Continuous data protection, or CDP, can be great for recovering virtual machines (VMs) from a very specific point in time. However the trade-off will be a lot of disk space used to track those down-to-the-minute, granular VM changes. Contrast this with VM snapshots, which use pointers to create a recoverable copy of your VM at the time the snapshot is taken.
These snapshots can remain local, or be replicated to a secondary site in addition to the local snapshot.
There are also solutions that will back up your VMs to the cloud; some will even allow you to spin up those VMs in the cloud from within the backup solution’s interface, should you happen to have lost a portion (or all) of your compute infrastructure.
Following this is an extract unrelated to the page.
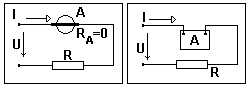Амперметр (А) служит для измерения силы тока I [A].Обладает очень малым электрическим сопротивлением (RA » 0) и включается в электрическую цепь ПОСЛЕДОВАТЕЛЬНО (рис. 1).

Native MSSQL and Oracle backup tools can create performance problems for end users and are difficult to manage without having someone dedicated to them. This is especially problematic in organizations that are run 24x7 and have no concept of a backup window. The same tools I’ve seen for managing the backups of VMs also have ties into MSSQL and Oracle that are much more elegant than their native backup tools. For example, by taking a point-in-time image of the VM, and backing up the database from that snapshot.
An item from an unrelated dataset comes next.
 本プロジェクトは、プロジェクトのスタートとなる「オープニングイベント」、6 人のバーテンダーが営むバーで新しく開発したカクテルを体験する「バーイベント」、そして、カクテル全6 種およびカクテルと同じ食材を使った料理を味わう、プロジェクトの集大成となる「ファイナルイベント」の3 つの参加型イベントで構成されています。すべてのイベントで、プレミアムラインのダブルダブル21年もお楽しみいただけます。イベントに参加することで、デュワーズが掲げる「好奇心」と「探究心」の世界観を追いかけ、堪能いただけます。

While our organization is 99percent virtual, we still have some specialized applications that require physical servers. DR/backup software vendors that had focused on VM protection first, have added in capabilities to support physical servers. Specific use cases may allow recovery to a virtual host, however, if your physical servers have very specific hardware requirements, that may not be a possibility. In these cases, onsite spare hardware may be required, depending on how quickly you need to recover.
But whatever you do…..
Test, test, TEST your ability to restore from your backups. Restore your database backup to another machine instance and ensure it passes its consistency checks, at the least. Ensure you can hit your RTO and RPO requirements. Restore your virtual machines to a segregated network and make sure they boot up without bluescreening. If you have the infrastructure to do so, conduct a “live fire” exercise: execute your DR plan and run your systems as if you were in a disaster. When your exercise is completed, restore operations back to your primary datacenter. This type of DR exercise takes significant planning and coordination from your different business units, but gives you the benefit of knowing your entire corporate business continuity plan–beyond the technical aspects–is firing on all cylinders.
In conclusion, DR solutions on the market today have far greater capabilities than those from 20 years ago. Being able to leverage the cloud as a DR and/or backup target brings flexibility to solution choices, but you should ensure the solution you chose is designed to meet the requirements the business has set forth.